Start of Block
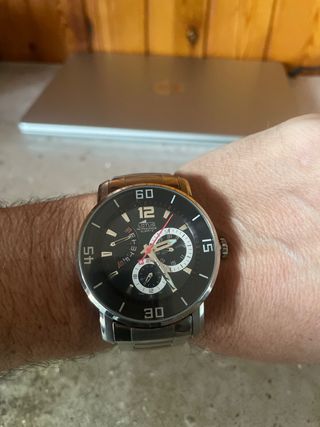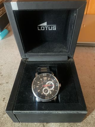 Elegante reloj de la marca Lotus con una combinación de colores negro y plateado. - Diseño moderno y sofisticado. - Caja y correa de metal. - Esfera con detalles en rojo.
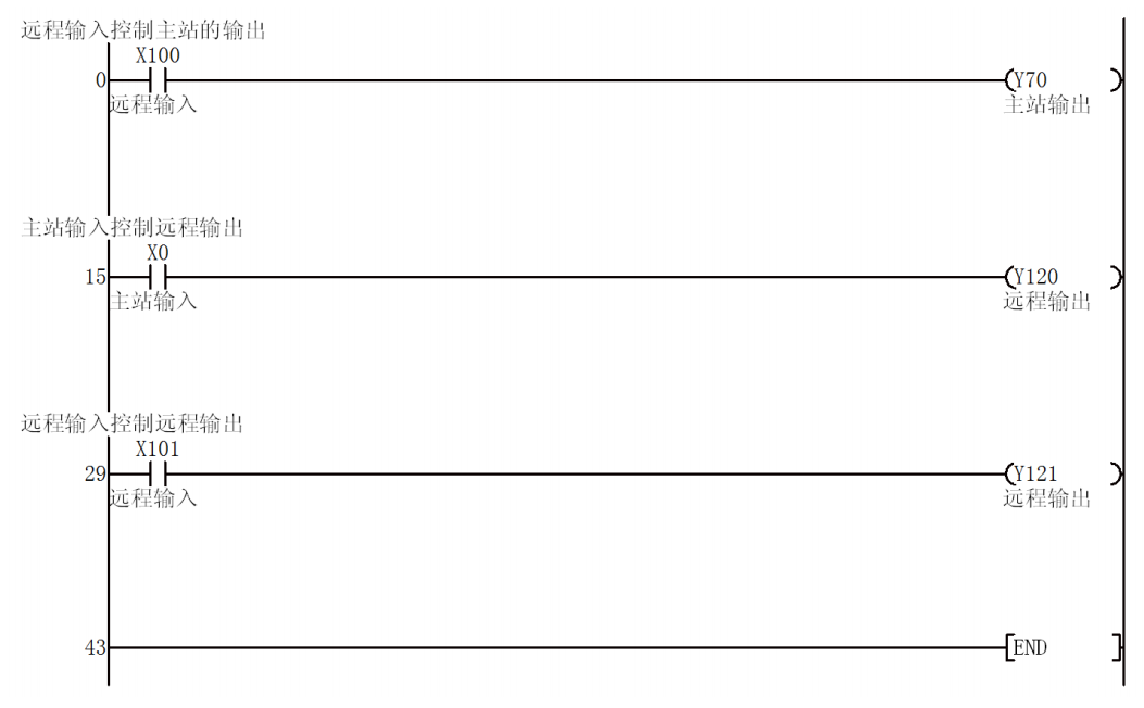 1号站远程输入模块的RX00控制主站的Y70有输出;主站的X0控制远程输出模块的RY00有输出;1号站远程输入模块的RX01控制远程输出模块的RY01有输出。
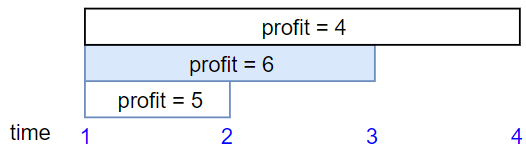 Input: startTime = [1,1,1], endTime = [2,3,4], profit = [5,6,4] Output: 6
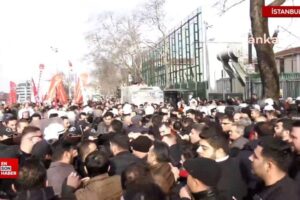 Hakkında başlatılan soruşturma kapsamında Çağlayan Adliyesi’nde tabir veren Ekrem İmamoğlu’na dayanak için gelen CHP’liler etrafta güvenlik tedbiri alan polislere saldırdı. Adliye bahçesinde arbede yaşandı.
End of Block
WORK TO BE COMPLETED: What you return should be only the lines from the line with "Input: startTime = [1,1,1], endTime" through the last line of the listing above, exactly, both ends included, pictures excluded.

RESPONSE:
 Input: startTime = [1,1,1], endTime = [2,3,4], profit = [5,6,4] Output: 6
 Hakkında başlatılan soruşturma kapsamında Çağlayan Adliyesi’nde tabir veren Ekrem İmamoğlu’na dayanak için gelen CHP’liler etrafta güvenlik tedbiri alan polislere saldırdı. Adliye bahçesinde arbede yaşandı.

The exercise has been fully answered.